NPR Hits Trump With Major Lawsuit That Goes Beyond First Amendment
This lawsuit isn’t just about free speech.

NPR is suing President Trump.
National Public Radio and three local Colorado affiliates filed a suit Tuesday morning against the president on the grounds that his executive order to cut the organization off from federal funding is a violation of free speech rights—and an attempt to usurp Congress’s power of appropriating federal funding.
Trump’s May order barred the Corporation for Public Broadcasting, a congressionally authorized private corporation, from sending funds to NPR and PBS.
“The Executive Order is a clear violation of the Constitution and the First Amendment’s protections for freedom of speech and association, and freedom of the press,” said NPR President and CEO Katherine Maher.

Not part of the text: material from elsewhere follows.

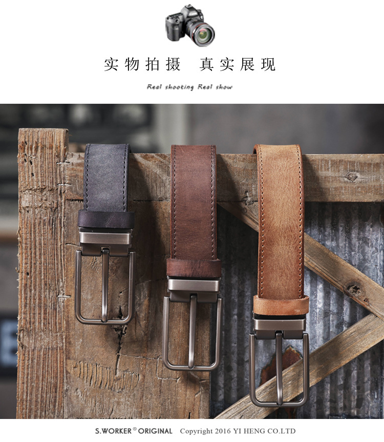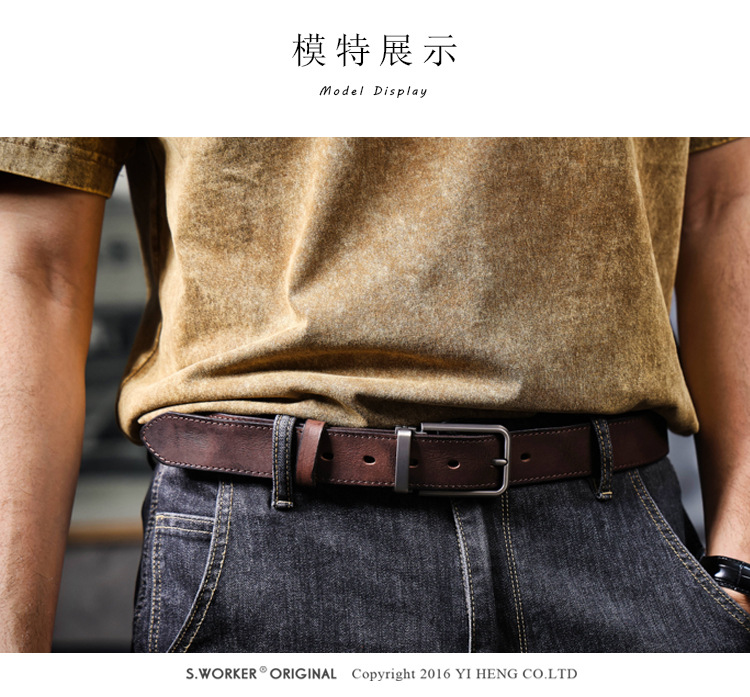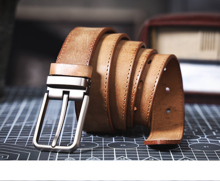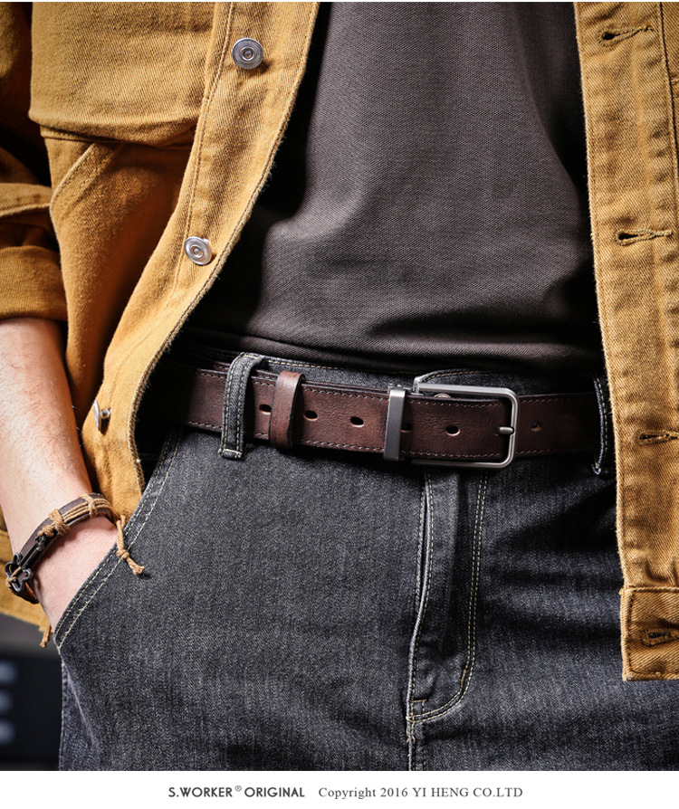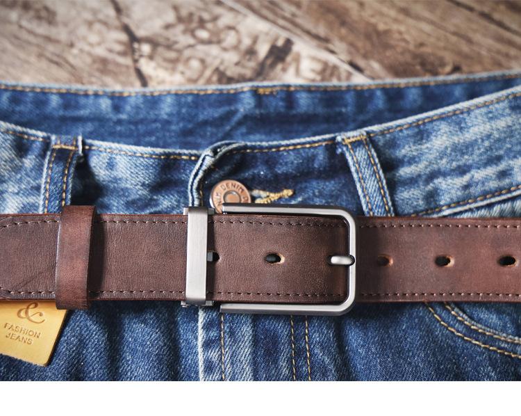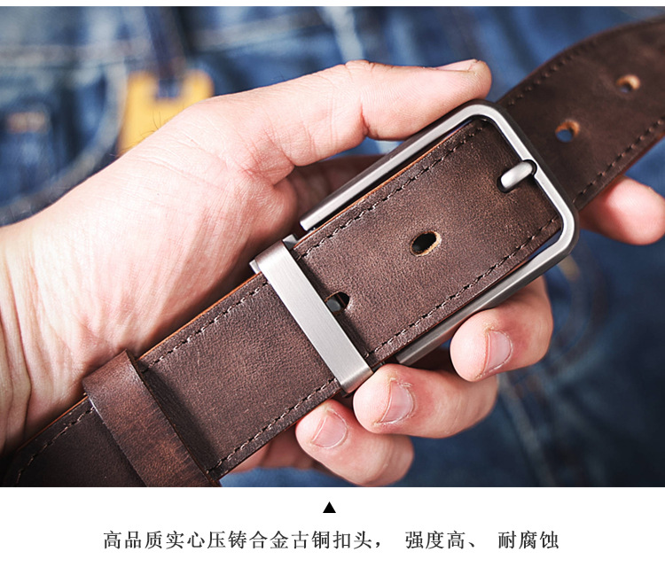 빈티지 캐주얼 탑 레이어 카우보이 남성 벨트 합금 버클 벨트 클립 수제 가죽 벨트 간단한 올 매치 트렌디스토어 가기

Colorado Public Radio, Aspen Public Radio, and KSUT are the other represented stations on the suit.
Trump has been attacking NPR and other liberal media institutions for some time now, pushing the tried and true conservative narrative that the network is a propaganda arm of the U.S. left.
“NPR and PBS, two horrible and completely biased platforms (Networks!), should be DEFUNDED by Congress, IMMEDIATELY,” he wrote in March. “Republicans, don’t miss this opportunity to rid our Country of this giant SCAM, both being arms of the Radical Left Democrat Party. JUST SAY NO AND, MAKE AMERICA GREAT AGAIN!!!”
This story has been updated.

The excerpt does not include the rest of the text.